(Supplied data)

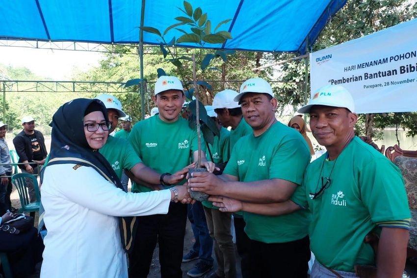 Bentuk kepedulian menjaga lingkungan hidup dan meningkatkan ekonomi masyarakat, PLN UIW (Unit Induk Wilayah) Sulselrabar bekerjasama Ikatan Keluarga Mahasiswa Parepare (IKMP), berpartisipasi di Hari Penanaman Pohon dengan memberikan bantuan 1.500 bibit pohon produktif, Kamis (28/11/2019).
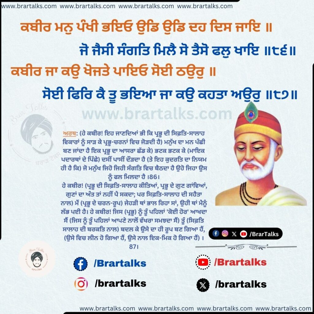 ਕਬੀਰ ਮਨੁ ਪੰਖੀ ਭਇਓ ਉਡਿ ਉਡਿ ਦਹ ਦਿਸ ਜਾਇ ॥ ਜੋ ਜੈਸੀ ਸੰਗਤਿ ਮਿਲੈ ਸੋ ਤੈਸੋ ਫਲੁ ਖਾਇ ॥੮੬॥ ਕਬੀਰ ਜਾ ਕਉ ਖੋਜਤੇ ਪਾਇਓ ਸੋਈ ਠਉਰੁ ॥ ਸੋਈ ਫਿਰਿ ਕੈ ਤੂ ਭਇਆ ਜਾ ਕਉ ਕਹਤਾ ਅਉਰੁ ॥੮੭॥
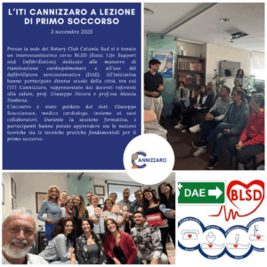 CATANIA – 3 novembre 2025 Presso la sede del Rotary Club Catania Sud si è tenuto un interessantissimo corso BLSD (Basic Life Support and Defibrillation) dedicato alle manovre di rianimazione cardiopolmonare e all’uso del defibrillatore semiautomatico (DAE). All’iniziativa hanno partecipato diverse scuole della città, tra cui l’ITI Cannizzaro, rappresentato dai docenti referenti alla salute, prof. Giuseppe Dicara e prof.ssa Alessia Zimbone.
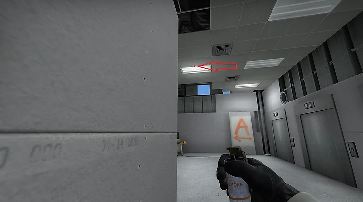 Целимся в полосу на полотке, которая пересекается с работающей лампой. Кидаем смок спустя пару шагов.
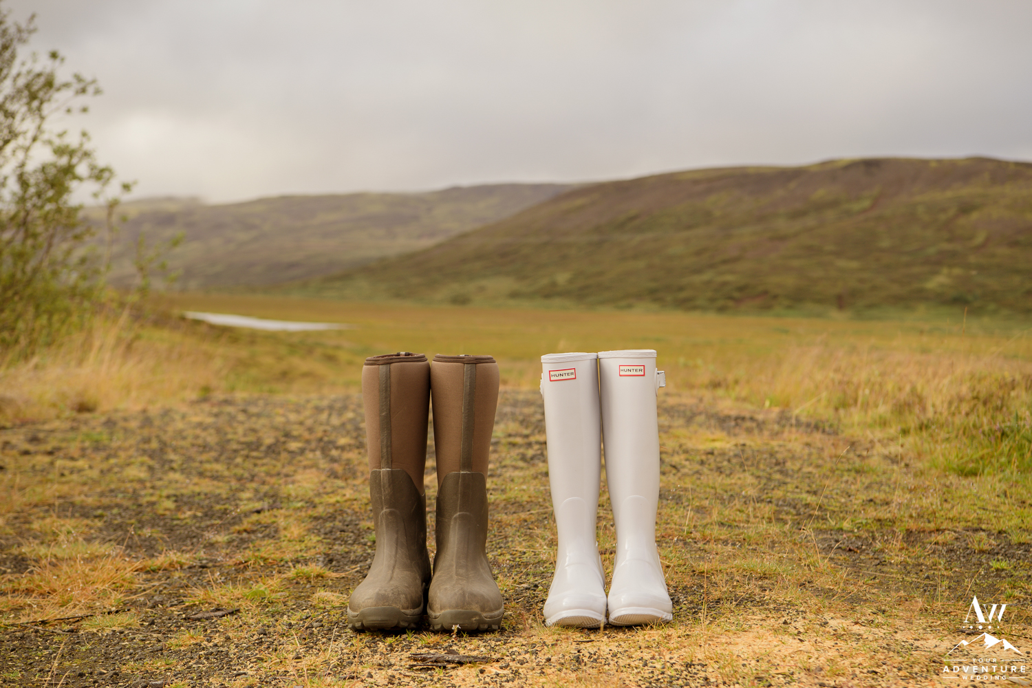 When you plan a wedding with guests it is nice to have a one of the locations during your adventure wedding day that is just experienced by the two of you. Gives you some really intimate fun memories. And don’t worry about your guests during this time either, they are having their own mini adventure within your big adventure you are gifting them! Erin and Jake were crazy excited to slip into their muck boots and hike through rivers with our Iceland wedding photographers, Ann and Christy!
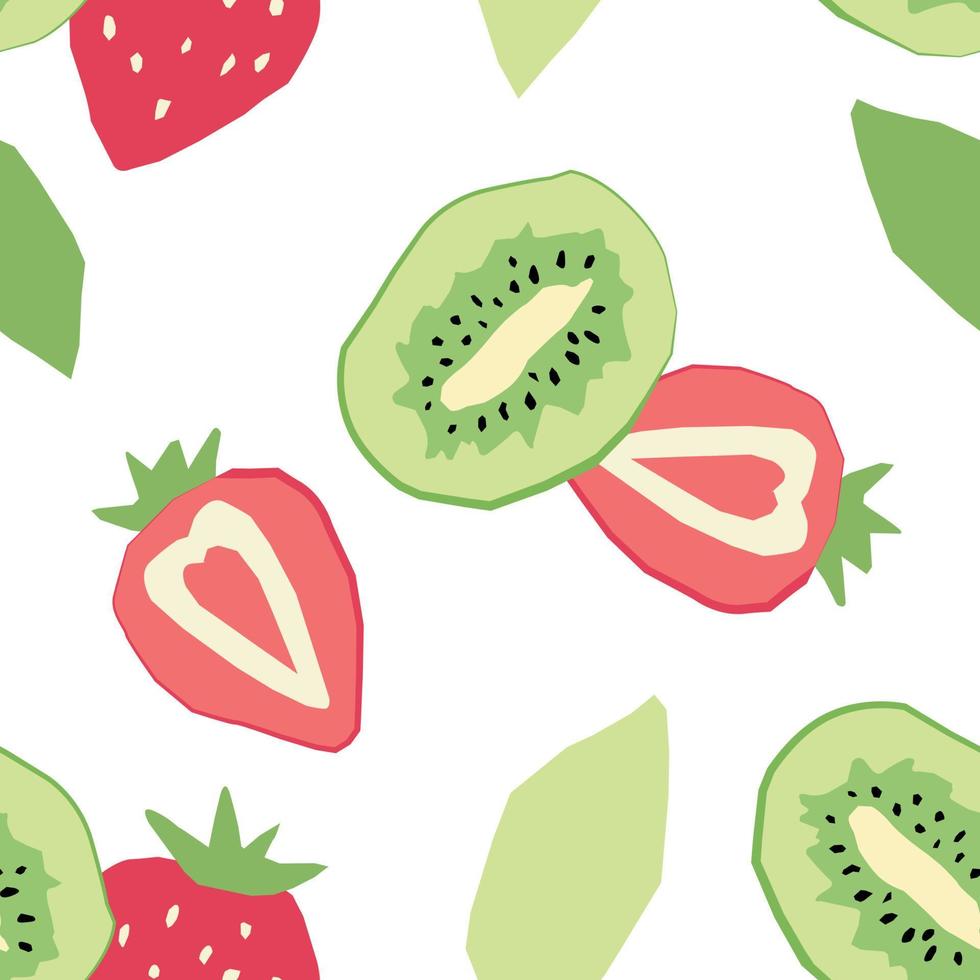 Abstract seamless pattern with strawberry and kiwi in flat style. Vector wallpaper on a white background. Perfect for textiles or surface design Pro Vector
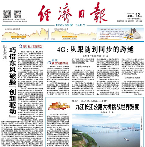 經濟日報頭版重點就棗莊市政府搭建產學研協同創新平臺、破解人才瓶頸、助力城市產業跨越升級進行了典型報道。其中,聯泓新材料有限公司攜手中國科學院成功實現創新驅動,被樹為成功范例榜上有名。
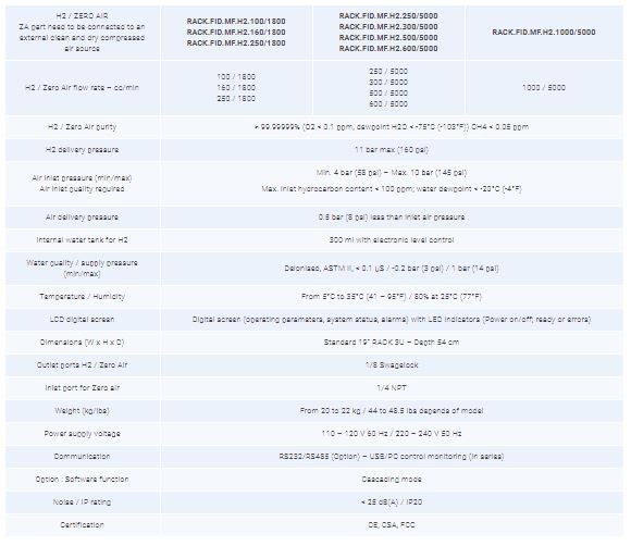 This unit can provide both hydrogen gas and zero grade air to FID detectors and Carrier gas on Gas Chromatographs. Hydrogen gas is produced from deionised water using the exclusive 100% titanium Proton Exchange Membrane (PEM) technology for H2, which provides a very high purity reliability and new longer life. Zero air is produced by purifying compressed air sourced from the air network to a total hydrocarbon concentration of < 0.05 ppm (measured as methane). The RACK.FID. MF.H2 generator combines the hydrogen serie MF.H2 and Zero air serie
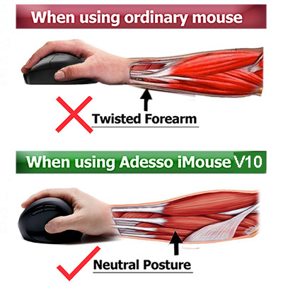 The wrist-friendly contour of the Adesso vertical mice allows you to hold your hand in a neutral “handshake position”, minimizing your forearm muscles from twisting and the possible development of Carpal Tunnel Syndrome. Normally, your forearm muscles are twisted from sitting flat on the supporting surface when using a regular mouse. This “flat position” causes strains on your muscles and leads to wrist pains. This is where the Adesso Vertical Mice become helpful and provide alleviation.
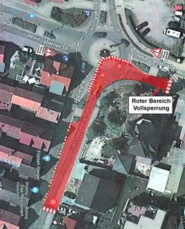 Vollsperrung: Teilbereich Friedhofskreisel, Kuhardter Straße in den Kreisel einfahrend und Kreiselast Einmündung in die Neue Landstraße, siehe Lageplan
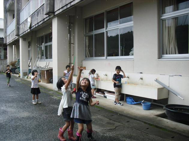 1年生が、生活科で、「水でっぽう」を作りました。「シャボン玉」もしていました。テーマパークのイベントみたいに、興奮していました!
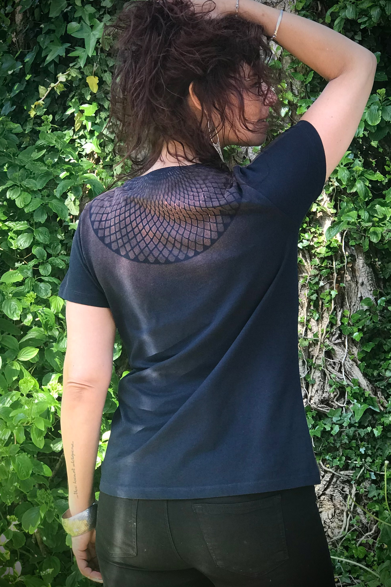 Het is met veel passie, aandacht en bezieling gemaakt. Rechtstreeks gecreëerd vanuit de bron, de bron van creativiteit. De creativiteit stroomt vrijelijk in ons atelier. Zonder al te veel na te denken en in een flow, zo is dit shirt ontstaan.
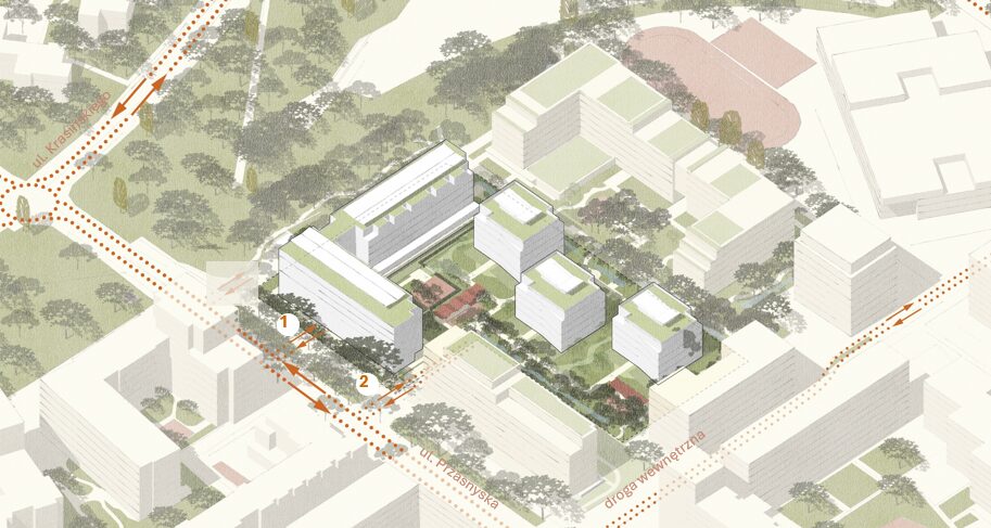Na terenie działki 50/2 z obrębu 7-03-04 przy ulicy Przasnyskiej 6, znajdującej się w południowo-zachodniej części Żoliborza, stanowiącej oś dawnych terenów przemysłowych, planowany jest zespół zabudowy mieszkaniowej wielorodzinnej z usługami wraz z lokalem oświatowym. Inwestycja będzie harmonijnie wpisywać się charakter nowoczesnej zabudowy Żoliborza Południowego. Planowana jest zabudowa obrzeżna, kształtująca pierzeję ulicy, i tereny o charakterze parkowym. Wewnątrz kwartału planujemy punktowe bryły naziemne, stanowiące wnętrzne urbanistyczne z urządzoną zielenią, placem zabaw i terenem rekreacji.
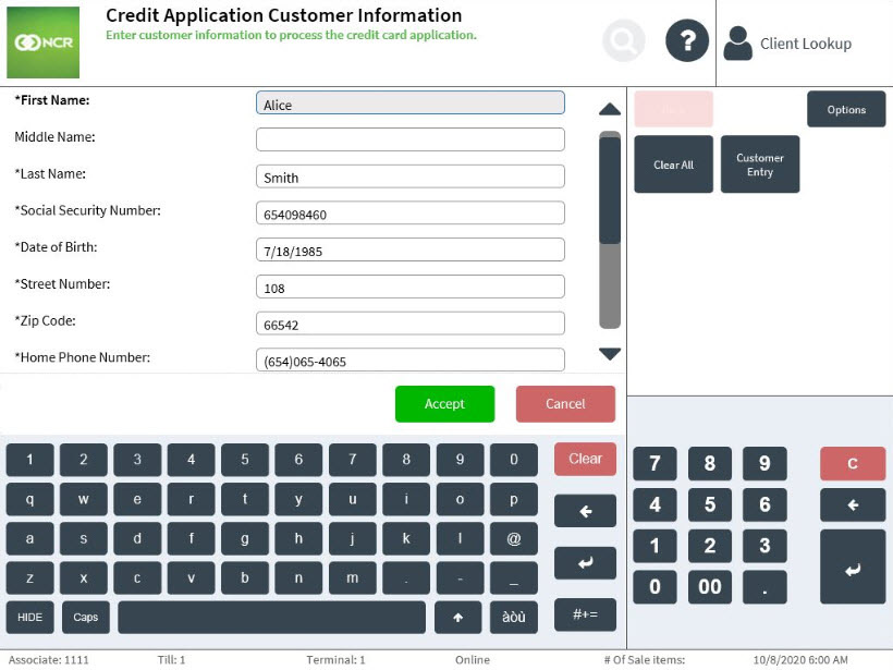 - Have the applicant enter the required information on the PIN pad device. Follow the instructions displayed on the PIN pad. The application displays the Credit Application Customer Information screen with the applicant information.
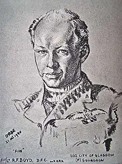 Robert Findlay Boyd was born on 8 June 1916 in East Kilbride, Scotland. He joined No. 602 Squadron of the Royal Auxiliary Air Force in 1935, and was commissioned as a pilot officer later that year. He was promoted to flying officer two years later. He was working as a mining engineer at the time of the outbreak of the Second World War, and was called up for service with the Royal Air Force (RAF).[1][2] He was promptly promoted to flight lieutenant.[3]
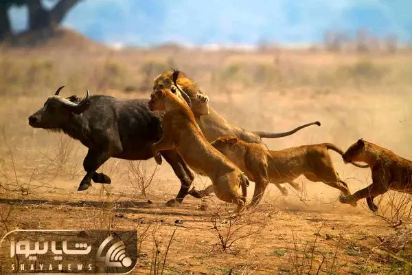 از جذابیت های حیات وحش؛ شیر ها داشتن بوفالو و میخوردن که یهو دعواشون شد اونم فلنگو بست
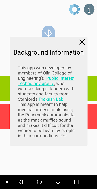 This app relays the audio from a bluetooth device microphone to the output of a connected speaker. The purpose of this app is to provide doctors with a means of communicating through PPE, using devices that may already be available to them.
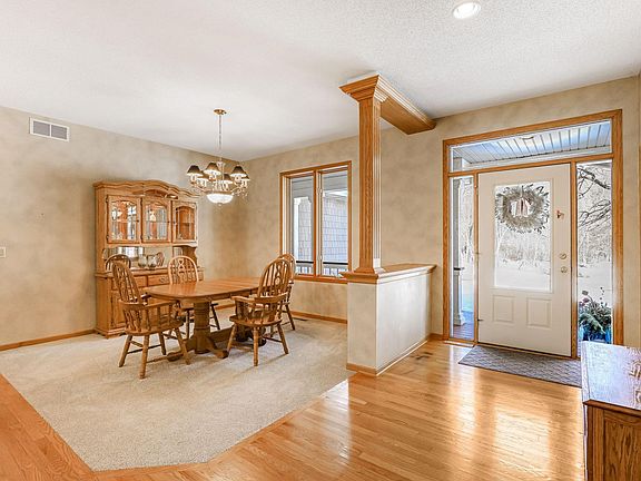 This expansive 3,200+ sq. ft. home in a well-established Elk River neighborhood has everything you’re looking for—sun-drenched spaces, soaring ceilings, and plenty of natural light! The open-concept main level is perfect for gathering, featuring a giant kitchen with stainless steel appliances, a center island, and a spacious eat-in area that looks out over your fully fenced backyard, complete with mature trees, woodlands, and frequent wildlife sightings. It’s like having your own private retreat right at home! A double-sided gas fireplace connects the kitchen to the living room and formal dining area, making it perfect for cozy nights or entertaining.
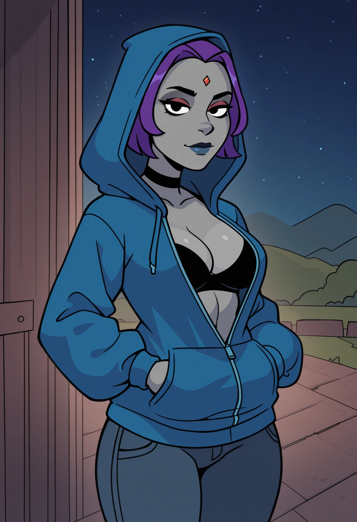 alternate costume, choker, black choker, hood, hoodie, blue hoodie, hood up, cleavage, underwear, bra, black bra, pants,

(End Supplied data)

■ **What is needed**
Would you give the entries above again verbatim, omitting the images they contain?

■ **Result of this exercise**
 Bentuk kepedulian menjaga lingkungan hidup dan meningkatkan ekonomi masyarakat, PLN UIW (Unit Induk Wilayah) Sulselrabar bekerjasama Ikatan Keluarga Mahasiswa Parepare (IKMP), berpartisipasi di Hari Penanaman Pohon dengan memberikan bantuan 1.500 bibit pohon produktif, Kamis (28/11/2019).
 ਕਬੀਰ ਮਨੁ ਪੰਖੀ ਭਇਓ ਉਡਿ ਉਡਿ ਦਹ ਦਿਸ ਜਾਇ ॥ ਜੋ ਜੈਸੀ ਸੰਗਤਿ ਮਿਲੈ ਸੋ ਤੈਸੋ ਫਲੁ ਖਾਇ ॥੮੬॥ ਕਬੀਰ ਜਾ ਕਉ ਖੋਜਤੇ ਪਾਇਓ ਸੋਈ ਠਉਰੁ ॥ ਸੋਈ ਫਿਰਿ ਕੈ ਤੂ ਭਇਆ ਜਾ ਕਉ ਕਹਤਾ ਅਉਰੁ ॥੮੭॥
 CATANIA – 3 novembre 2025 Presso la sede del Rotary Club Catania Sud si è tenuto un interessantissimo corso BLSD (Basic Life Support and Defibrillation) dedicato alle manovre di rianimazione cardiopolmonare e all’uso del defibrillatore semiautomatico (DAE). All’iniziativa hanno partecipato diverse scuole della città, tra cui l’ITI Cannizzaro, rappresentato dai docenti referenti alla salute, prof. Giuseppe Dicara e prof.ssa Alessia Zimbone.
 Целимся в полосу на полотке, которая пересекается с работающей лампой. Кидаем смок спустя пару шагов.
 When you plan a wedding with guests it is nice to have a one of the locations during your adventure wedding day that is just experienced by the two of you. Gives you some really intimate fun memories. And don’t worry about your guests during this time either, they are having their own mini adventure within your big adventure you are gifting them! Erin and Jake were crazy excited to slip into their muck boots and hike through rivers with our Iceland wedding photographers, Ann and Christy!
 Abstract seamless pattern with strawberry and kiwi in flat style. Vector wallpaper on a white background. Perfect for textiles or surface design Pro Vector
 經濟日報頭版重點就棗莊市政府搭建產學研協同創新平臺、破解人才瓶頸、助力城市產業跨越升級進行了典型報道。其中,聯泓新材料有限公司攜手中國科學院成功實現創新驅動,被樹為成功范例榜上有名。
 This unit can provide both hydrogen gas and zero grade air to FID detectors and Carrier gas on Gas Chromatographs. Hydrogen gas is produced from deionised water using the exclusive 100% titanium Proton Exchange Membrane (PEM) technology for H2, which provides a very high purity reliability and new longer life. Zero air is produced by purifying compressed air sourced from the air network to a total hydrocarbon concentration of < 0.05 ppm (measured as methane). The RACK.FID. MF.H2 generator combines the hydrogen serie MF.H2 and Zero air serie
 The wrist-friendly contour of the Adesso vertical mice allows you to hold your hand in a neutral “handshake position”, minimizing your forearm muscles from twisting and the possible development of Carpal Tunnel Syndrome. Normally, your forearm muscles are twisted from sitting flat on the supporting surface when using a regular mouse. This “flat position” causes strains on your muscles and leads to wrist pains. This is where the Adesso Vertical Mice become helpful and provide alleviation.
 Vollsperrung: Teilbereich Friedhofskreisel, Kuhardter Straße in den Kreisel einfahrend und Kreiselast Einmündung in die Neue Landstraße, siehe Lageplan
 1年生が、生活科で、「水でっぽう」を作りました。「シャボン玉」もしていました。テーマパークのイベントみたいに、興奮していました!
 Het is met veel passie, aandacht en bezieling gemaakt. Rechtstreeks gecreëerd vanuit de bron, de bron van creativiteit. De creativiteit stroomt vrijelijk in ons atelier. Zonder al te veel na te denken en in een flow, zo is dit shirt ontstaan.
Na terenie działki 50/2 z obrębu 7-03-04 przy ulicy Przasnyskiej 6, znajdującej się w południowo-zachodniej części Żoliborza, stanowiącej oś dawnych terenów przemysłowych, planowany jest zespół zabudowy mieszkaniowej wielorodzinnej z usługami wraz z lokalem oświatowym. Inwestycja będzie harmonijnie wpisywać się charakter nowoczesnej zabudowy Żoliborza Południowego. Planowana jest zabudowa obrzeżna, kształtująca pierzeję ulicy, i tereny o charakterze parkowym. Wewnątrz kwartału planujemy punktowe bryły naziemne, stanowiące wnętrzne urbanistyczne z urządzoną zielenią, placem zabaw i terenem rekreacji.
 - Have the applicant enter the required information on the PIN pad device. Follow the instructions displayed on the PIN pad. The application displays the Credit Application Customer Information screen with the applicant information.
 Robert Findlay Boyd was born on 8 June 1916 in East Kilbride, Scotland. He joined No. 602 Squadron of the Royal Auxiliary Air Force in 1935, and was commissioned as a pilot officer later that year. He was promoted to flying officer two years later. He was working as a mining engineer at the time of the outbreak of the Second World War, and was called up for service with the Royal Air Force (RAF).[1][2] He was promptly promoted to flight lieutenant.[3]
 از جذابیت های حیات وحش؛ شیر ها داشتن بوفالو و میخوردن که یهو دعواشون شد اونم فلنگو بست
 This app relays the audio from a bluetooth device microphone to the output of a connected speaker. The purpose of this app is to provide doctors with a means of communicating through PPE, using devices that may already be available to them.
 This expansive 3,200+ sq. ft. home in a well-established Elk River neighborhood has everything you’re looking for—sun-drenched spaces, soaring ceilings, and plenty of natural light! The open-concept main level is perfect for gathering, featuring a giant kitchen with stainless steel appliances, a center island, and a spacious eat-in area that looks out over your fully fenced backyard, complete with mature trees, woodlands, and frequent wildlife sightings. It’s like having your own private retreat right at home! A double-sided gas fireplace connects the kitchen to the living room and formal dining area, making it perfect for cozy nights or entertaining.
 alternate costume, choker, black choker, hood, hoodie, blue hoodie, hood up, cleavage, underwear, bra, black bra, pants,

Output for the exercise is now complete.